Material provided -
=== Section Start ===
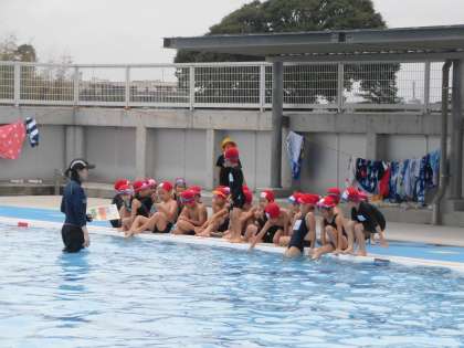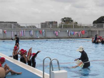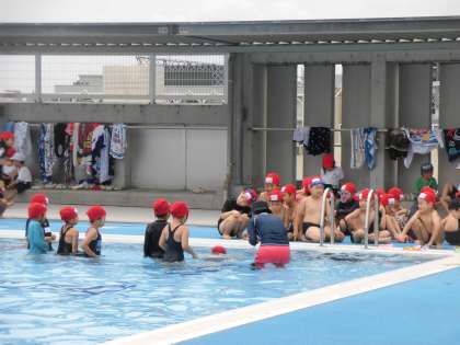 17日(水)の3・4時間目、1年生は体育の学習でプールに入りました。1学期最後のプールということから、クラスごとに検定をしました。顔を水につけたり、けのびで進んだりしていました。
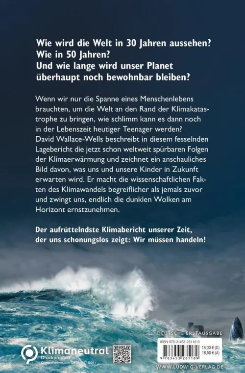 Die heute schon spürbaren und die schlimmstmöglichen Folgen der Klimaerwärmung sind das Thema des Journalisten David Wallace-Wells in diesem spektakulären Report. Wie kann und wird das Leben auf der Erde in nur 40, 50, 60 Jahren aussehen? Sicher ist: Heutige Teenager und Kinder werden noch erleben, wie sich die Bedingungen für die Menschheit auf der Erde dramatisch verschlechtern, sie werden erleben, wie sie in Teilen unbewohnbar wird. Wallace-Wells macht die vielen wissenschaftlichen Erkenntnisse, die die Mehrheit der Menschen oft gar nicht erreichen, begreifbar, ja fühlbar. Und am Ende steht die drängende Frage: Haben wir überhaupt noch eine Chance, das Unheil abzuwenden?
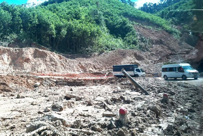 There are landslides of entire rocks and soil, the space is divided by dangerous long slides from the top of the mountain to the foot of the road. From afar, the cracks are clearly visible on the mountainside, threatening to continue to slide down at any time.
=== Section End ===
Instructions to follow -
Before you finish, make sure every line above has been repeated exactly and no picture remains in the copy.

Output for this exercise -
 17日(水)の3・4時間目、1年生は体育の学習でプールに入りました。1学期最後のプールということから、クラスごとに検定をしました。顔を水につけたり、けのびで進んだりしていました。
 Die heute schon spürbaren und die schlimmstmöglichen Folgen der Klimaerwärmung sind das Thema des Journalisten David Wallace-Wells in diesem spektakulären Report. Wie kann und wird das Leben auf der Erde in nur 40, 50, 60 Jahren aussehen? Sicher ist: Heutige Teenager und Kinder werden noch erleben, wie sich die Bedingungen für die Menschheit auf der Erde dramatisch verschlechtern, sie werden erleben, wie sie in Teilen unbewohnbar wird. Wallace-Wells macht die vielen wissenschaftlichen Erkenntnisse, die die Mehrheit der Menschen oft gar nicht erreichen, begreifbar, ja fühlbar. Und am Ende steht die drängende Frage: Haben wir überhaupt noch eine Chance, das Unheil abzuwenden?
 There are landslides of entire rocks and soil, the space is divided by dangerous long slides from the top of the mountain to the foot of the road. From afar, the cracks are clearly visible on the mountainside, threatening to continue to slide down at any time.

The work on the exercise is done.